DESCRIPTION OF THE TASK
An exact reproduction of the records is required, with all pictures omitted.

● ● ● ●

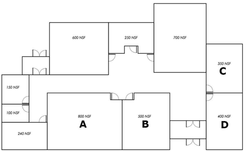 An architect is in the programming phase of a tenant improvement project for a small university office suite in an existing building. The client has asked for five 120-square-foot offices for staff members, a 200-square-foot conference room, and a 100-square-foot storage room. The client has a limited budget and would like to minimize the area to be remodeled.
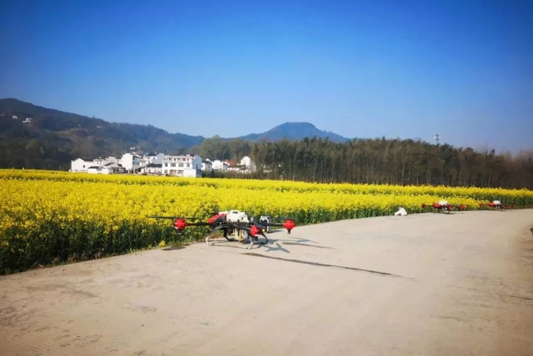 为了大力发展“油菜花+旅游产业”模式,进一步提高我国油菜植保抗灾减灾技术水平,推动各种新技术、新方法、新装备的快速应用,实现油菜生产和旅游产业协调发展。3月23日-26日,国家油菜产业技术体系和中国作物学会油料作物专业委员会,在安徽黄山市召开了“2019 年全国油菜植保技术培训班暨油菜病虫害综合防控现场观摩会”,全国各地 200 多位植保体系专家、研究机构人员参与了会议,极飞科技及安徽合作伙伴也受邀出席,并在现场展示了 P 系列植保无人机在油菜花病虫害防控上的喷洒优势。
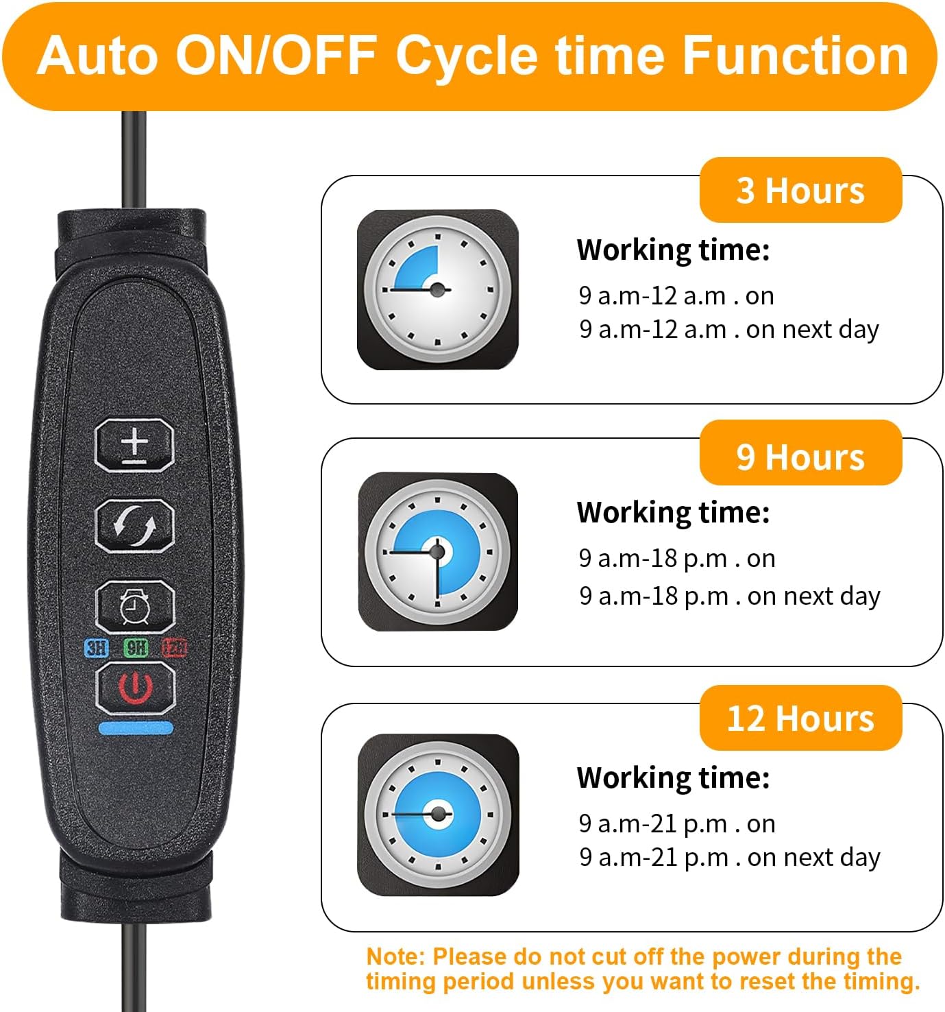 - 【Auto On/Off & Timing Function】The plant grow light comes with a cycle memory timer function, which can Auto turn on/off every day according to your settings: 3/9/12 hours, the grow light will Auto turn on and off at the same time the next day, no manual operation is required, it can take care of your plants when you on work or vacation.
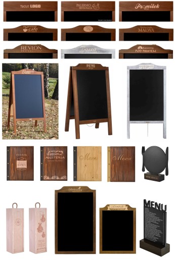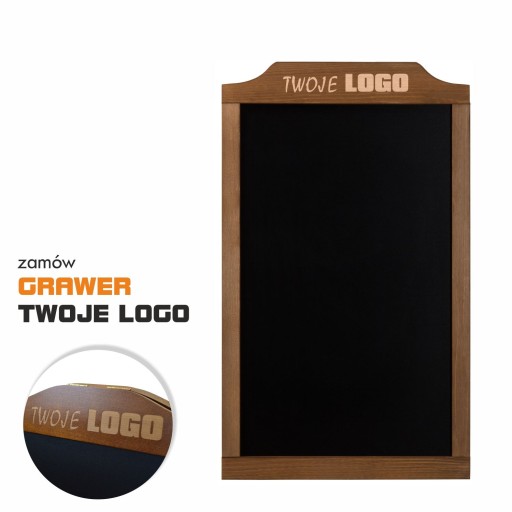 Duża pionowa tablica kredowa w drewnianej ramie z listwą górną w kształcie fali. Można po niej pisać kredą lub markerem kredowym. Tablica zwraca uwagę, a ze względu na swoje duże rozmiary może znajdować się w większej odległości od odbiorcy. Doskonale prezentuje się na sztaludze. Na górnej listwie tablicy można dodatkowo wygrawerować laserem Twoje LOGO, nazwę firmy czy reklamę. Tablica z grawerem zdecydowanie skuteczniej przykuwa uwagę potencjalnych klientów.
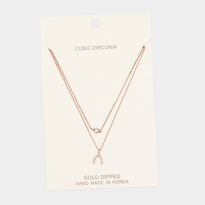 Gold Dipped Cubic Zirconia CZ Wishbone Pendant Necklace
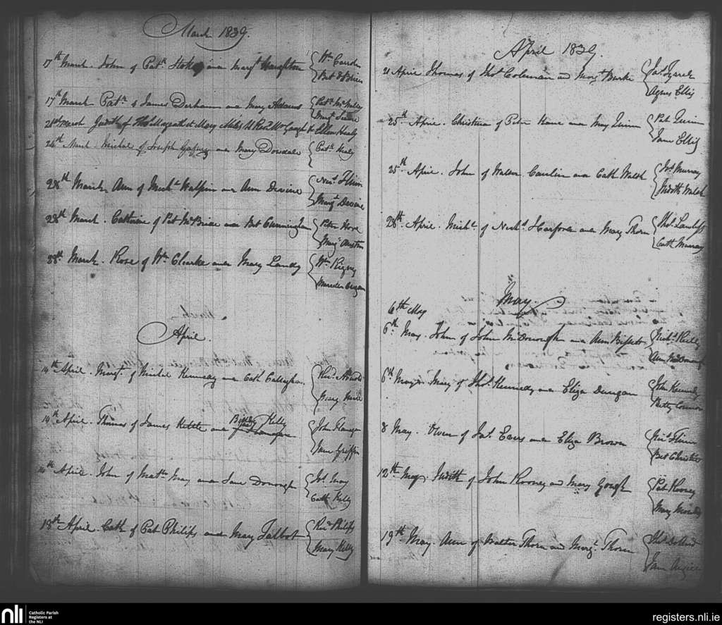 Skerries; County of Dublin; Archdiocese of Dublin. Baptisms, Mar. 1839 to May 1839
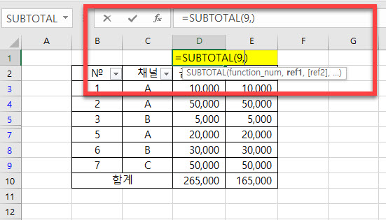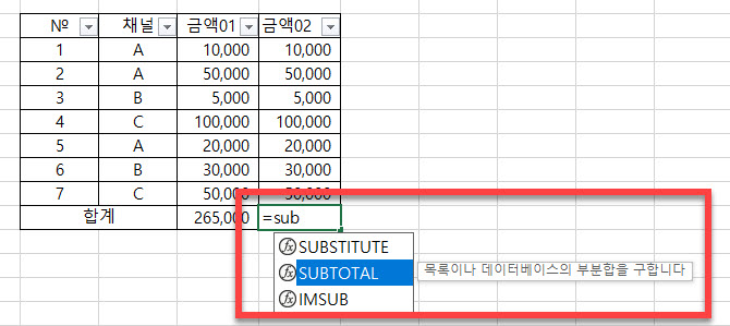 엑셀 sum 합계함수 보다 편리한 Subtotal 사용 활용하는 방법
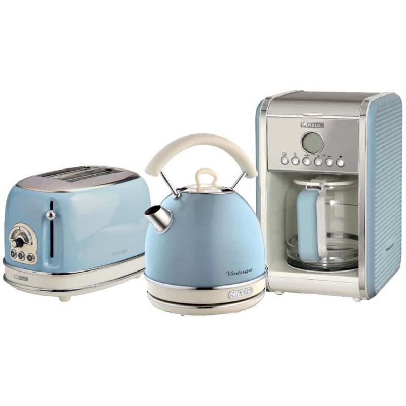 Ariete - ARPK15 Retro Style Dome Kettle, 2 Slice Toaster and Filter Coffee Machine Set, Vintage Design, Blue
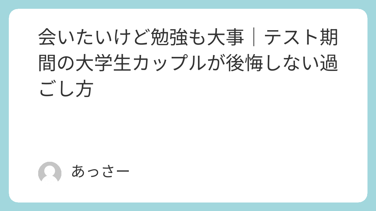 テスト期間になると、大学生カップルの多くが「会いたいけど勉強もしなきゃ」と悩みます。
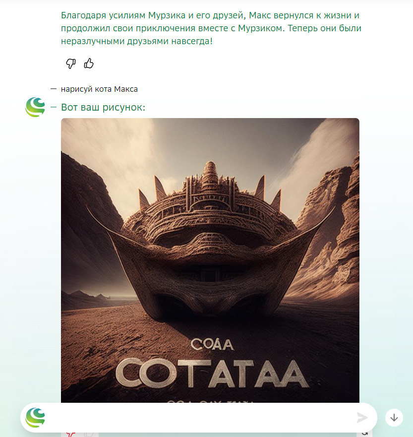 Забавно, в одном из диалогов я попросил гигачат написать сказку про кота-киборга, как в позапрошлом посте, после чего я попросил его сгенерировать этого кота (кота Макса, по контексту разговора). Он меня совсем не понял и сгенерировал что-то странное.
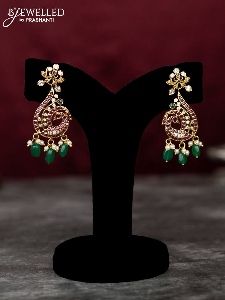 Antique guttapusalu necklace with kemp & cz stones and pearl & green beads hangings
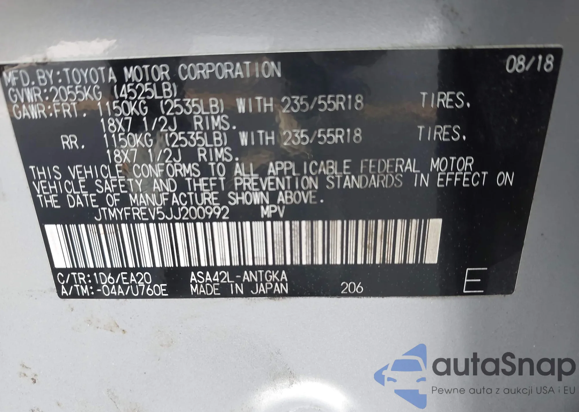 Автомобиль Toyota RAV 4 2018 (VIN JTMYFREV5JJ200992) ранее не участвовал в торгах. Документы чистые, пробег соответствует или ниже среднего по рынку. Продаётся страховой компанией — рекомендуем покупку. Доставка в порт займет около 6–8 недель.
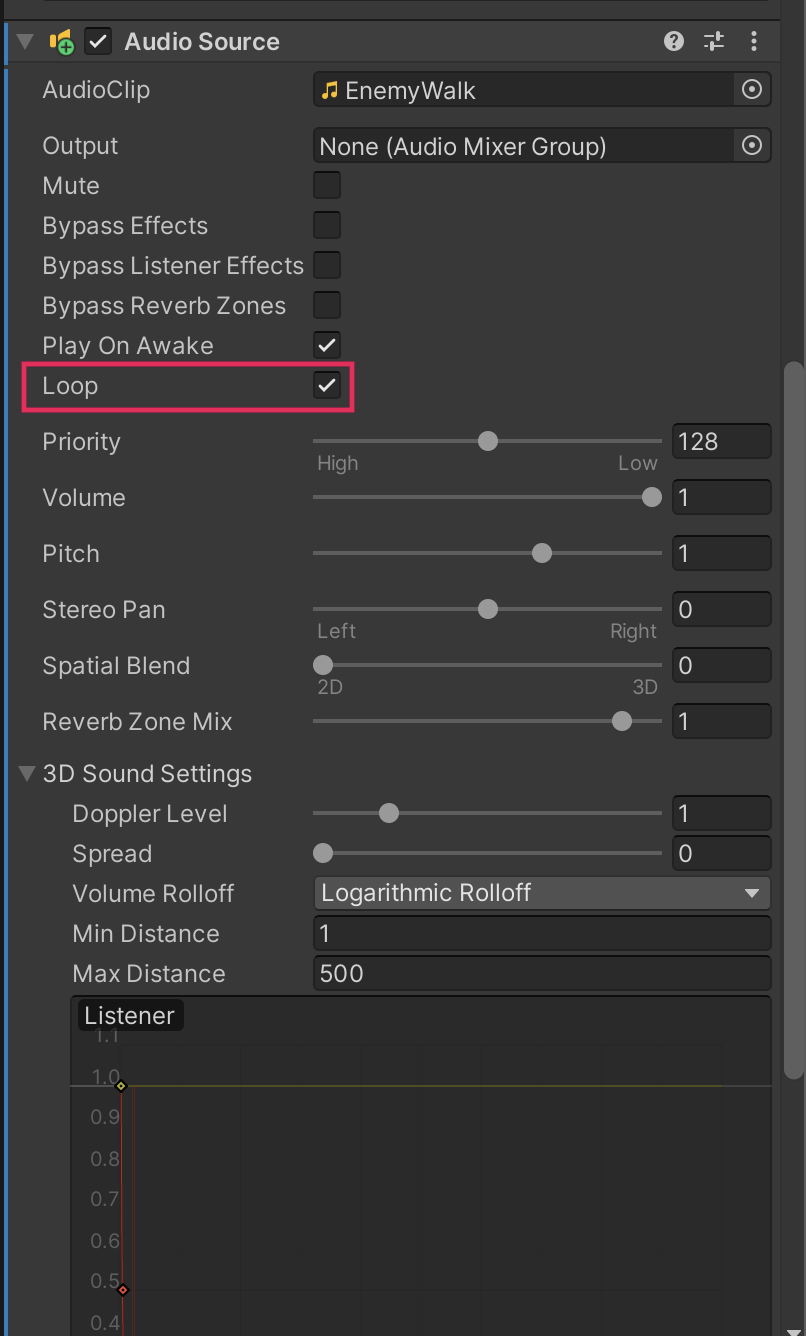 2. Assign the EnemyWalk asset to its Audio Clip field.

● ● ● ●

THE COMPLETED TASK
 An architect is in the programming phase of a tenant improvement project for a small university office suite in an existing building. The client has asked for five 120-square-foot offices for staff members, a 200-square-foot conference room, and a 100-square-foot storage room. The client has a limited budget and would like to minimize the area to be remodeled.
 为了大力发展“油菜花+旅游产业”模式,进一步提高我国油菜植保抗灾减灾技术水平,推动各种新技术、新方法、新装备的快速应用,实现油菜生产和旅游产业协调发展。3月23日-26日,国家油菜产业技术体系和中国作物学会油料作物专业委员会,在安徽黄山市召开了“2019 年全国油菜植保技术培训班暨油菜病虫害综合防控现场观摩会”,全国各地 200 多位植保体系专家、研究机构人员参与了会议,极飞科技及安徽合作伙伴也受邀出席,并在现场展示了 P 系列植保无人机在油菜花病虫害防控上的喷洒优势。
 - 【Auto On/Off & Timing Function】The plant grow light comes with a cycle memory timer function, which can Auto turn on/off every day according to your settings: 3/9/12 hours, the grow light will Auto turn on and off at the same time the next day, no manual operation is required, it can take care of your plants when you on work or vacation.
 Duża pionowa tablica kredowa w drewnianej ramie z listwą górną w kształcie fali. Można po niej pisać kredą lub markerem kredowym. Tablica zwraca uwagę, a ze względu na swoje duże rozmiary może znajdować się w większej odległości od odbiorcy. Doskonale prezentuje się na sztaludze. Na górnej listwie tablicy można dodatkowo wygrawerować laserem Twoje LOGO, nazwę firmy czy reklamę. Tablica z grawerem zdecydowanie skuteczniej przykuwa uwagę potencjalnych klientów.
 Gold Dipped Cubic Zirconia CZ Wishbone Pendant Necklace
 Skerries; County of Dublin; Archdiocese of Dublin. Baptisms, Mar. 1839 to May 1839
 엑셀 sum 합계함수 보다 편리한 Subtotal 사용 활용하는 방법
 Ariete - ARPK15 Retro Style Dome Kettle, 2 Slice Toaster and Filter Coffee Machine Set, Vintage Design, Blue
 テスト期間になると、大学生カップルの多くが「会いたいけど勉強もしなきゃ」と悩みます。
 Забавно, в одном из диалогов я попросил гигачат написать сказку про кота-киборга, как в позапрошлом посте, после чего я попросил его сгенерировать этого кота (кота Макса, по контексту разговора). Он меня совсем не понял и сгенерировал что-то странное.
 Antique guttapusalu necklace with kemp & cz stones and pearl & green beads hangings
 Автомобиль Toyota RAV 4 2018 (VIN JTMYFREV5JJ200992) ранее не участвовал в торгах. Документы чистые, пробег соответствует или ниже среднего по рынку. Продаётся страховой компанией — рекомендуем покупку. Доставка в порт займет около 6–8 недель.
 2. Assign the EnemyWalk asset to its Audio Clip field.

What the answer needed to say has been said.